US, 1951, 35mm, black & white, 87 min.
Print source: British Film Institute
A nondescript set masquerading as an Alaskan research outpost, about a dozen spirited B-list actors, and a few rudimentary special effects are all that’s needed to mount nail-biting suspense in The Thing from Another World, a thrifty sci-fi classic that is as much about the moment-to-moment logistics of grappling with the unknown as it is about the eponymous alien entity itself.
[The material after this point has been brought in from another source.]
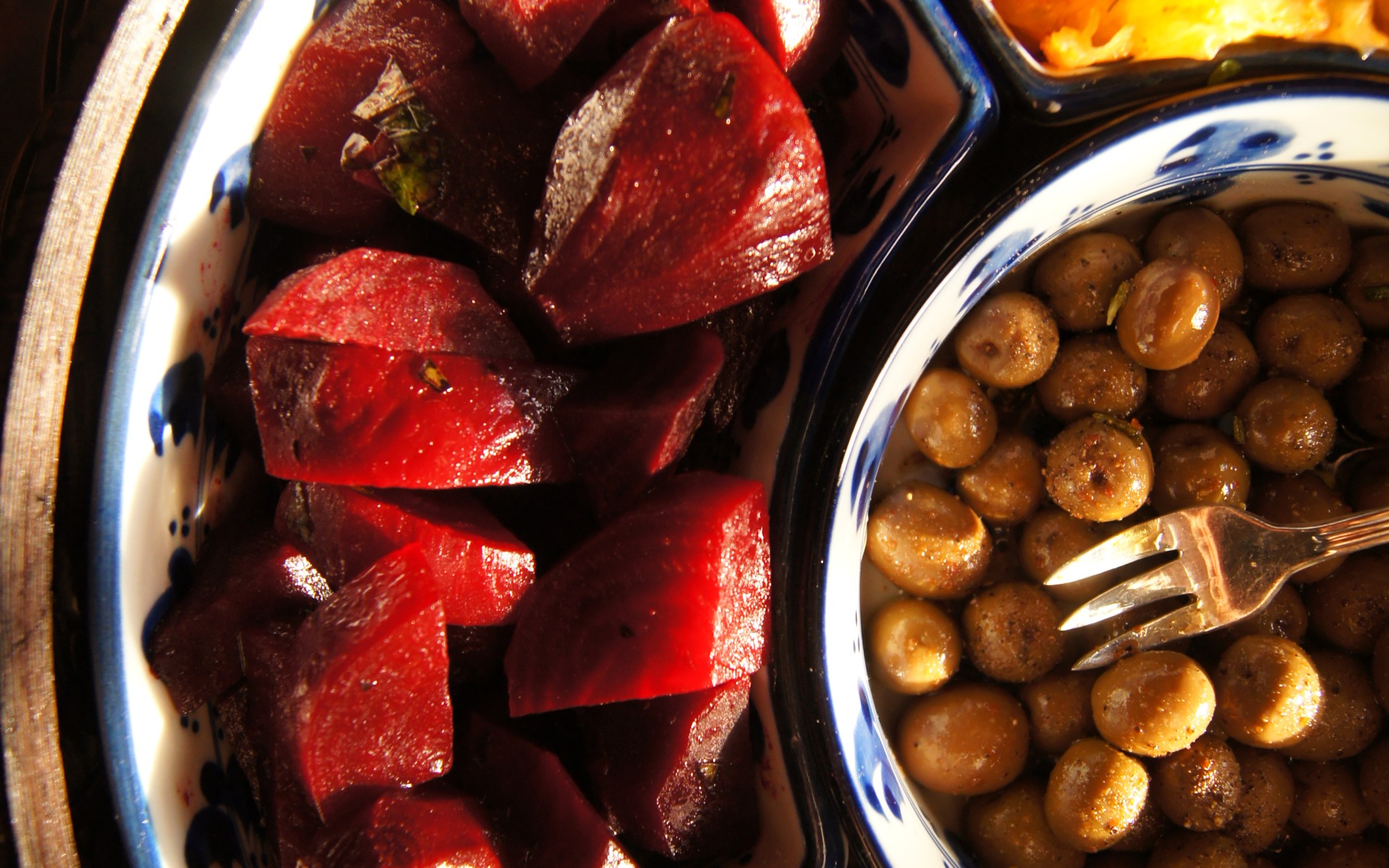 - Peel the beets, cut into bite-sized pieces, and put in a bowl. Combine the remaining ingredients, pour over the beets, and let marinate for 1 hour before serving. Serve at room temperature. (God I love that room temperature serving!!)

When a mysterious saucer from the sky crash-lands near a secluded Air Force compound, Captain Patrick Hendry and a ragtag bunch of servicemen are forced to make imaginative use of their limited resources to conquer their increasingly predatory visitor, all while butting heads with a cerebral scientist who insists the extraterrestrial beast is mere “phenomena to be studied.” In ceding the director’s chair to then-debuting filmmaker Christian Nyby, Hawks claimed only a producer role for the film, though his stylistic influence is so strongly felt in the brisk banter and calculated blocking that there has long been speculation as to the degree of his artistic intervention. Whatever the case, The Thing from Another World stands as both a consummate expression of Hawksian ensemble acting and a master class in the power of suggestion.